My temper boils like a cauldron inside me. I pick up my wine glass and throw it at the wall, causing it to shatter into tiny pieces. “Amy wasn’t pregnant, I was!” I scream as I crumple to the ground. “It was me on the phone with Nico, not Amy!”
Cole
I lean back and pull my aching arm up to my chest as I stare at Evie. She’s slipped into my room, shut the door behind her and then just stood and stared at me without moving or speaking for the last few minutes.
It’s been ten days since the crash, which means it’s been six days since Nico died, and this is the first time she’s visited me. It’s obvious she hasn’t washed her hair, the bags under her eyes are as dark as the night sky and her clothes are hanging off her thin frame. She’s heartbroken, grief-stricken and terrified. It’s written all over her face. But there’s something else too . . . something darker is lingering in the depths of her eyes.
“How’re you?” I ask.
“How do you think I am?” she snaps, her voice heavy with the hatred that her eyes are projecting.
Now I know why she’s here. I clear my throat and try to sit up straighter. “I’m sorry about Nico,” I whisper.
Evie joins her hands in front of her and bows her head. “I came in here to say three things to you, Cole.”
“Let me say something first,” I say quickly, because I know this is it. This is the only chance she’s going to give me.
Evie shakes her head. “There are no words that can ever make up for what you’ve done.”
“I love you,” I tell her. “I love with you all my heart, and I’ll never stop loving you. Ever. No matter what you think of me, or what you’re about to say to me, that won’t change.
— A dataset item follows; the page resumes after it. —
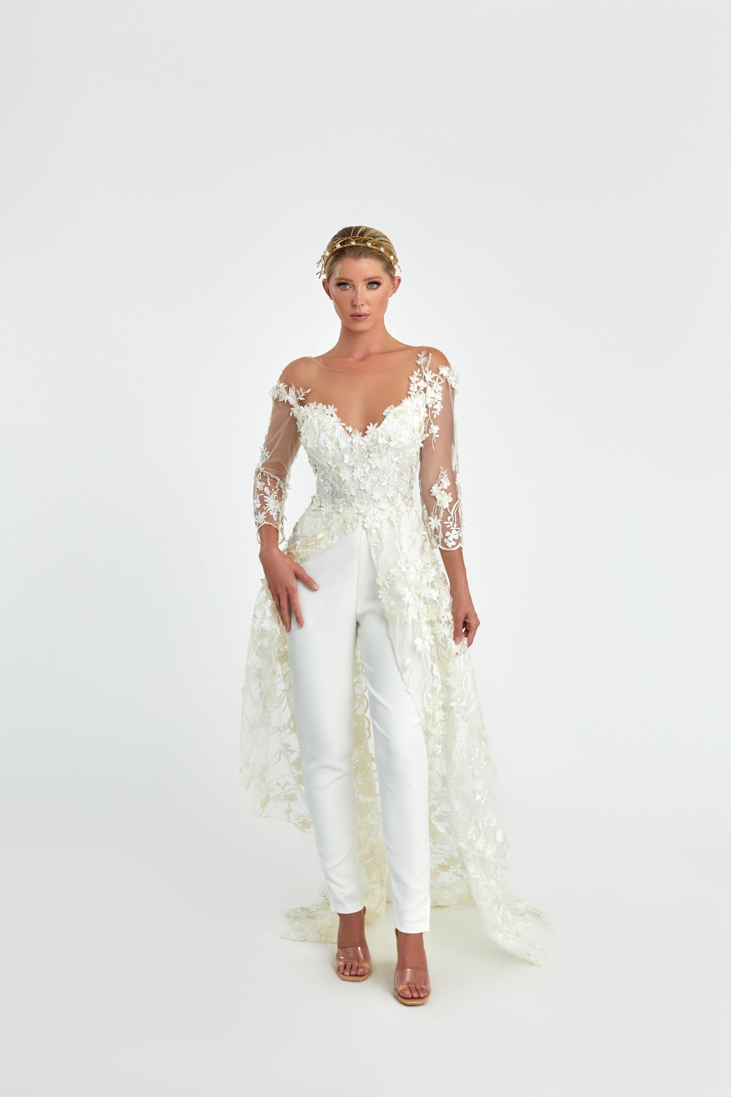 Nicole Bakti 7099 Lace Applique Jump Suit.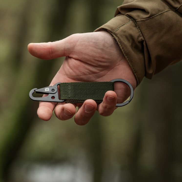 Aktywności survivalowe i outdoorowe: Brelok można przypiąć do plecaka, paska lub szlufki, aby mieć pod ręką klucze, scyzoryk lub inne drobne narzędzia. Solidne zapięcie i wytrzymały materiał zapewniają niezawodność nawet przy intensywnym użytkowaniu w wymagającym środowisku.

You need to understand that, Evie.”
“So, the three things I want to say to you,” she continues, completely ignoring me. “I don’t want to hear from you and I don’t want to see you. As far as I’m concerned, you died in the crash. Stay away from me and stay away from my mum.”
Before I can say anything back to her or tell her I love her one more time, she spins on her heels and barges out of the room.
I slump back against the pillow, feeling like the walls of the room are collapsing in on me, and cry like a fucking baby. I’ve lost my best friend. I’ve lost God knows how many years of my future. And I’ve lost the only thing that I ever really wanted.
Evie.
Evie
I never heard the door open or close, so I’m guessing Cole must still be in the hallway. I’ve picked up all the broken glass and mopped up the wine, and now I’m sat at the breakfast bar in the kitchen, waiting for his reaction to the news. I pour myself a fresh glass of wine and run my fingertip around the rim of the glass as I hear his footsteps coming towards me. When his shadow falls across me, I look up.
“Is that him?” he asks.
I immediately know he’s on about the canvas in the corridor. My mum took it when we were on Brighton Pier about four years ago. It was a glorious sunny day and it was Lucca’s first try of candyfloss. His dark hair was blowing in the warm sea breeze and his smile reached from ear to ear. That night when I tucked him into bed and pretended to attack him with his cuddly dinosaur, he told me that he’d had the best day of his life.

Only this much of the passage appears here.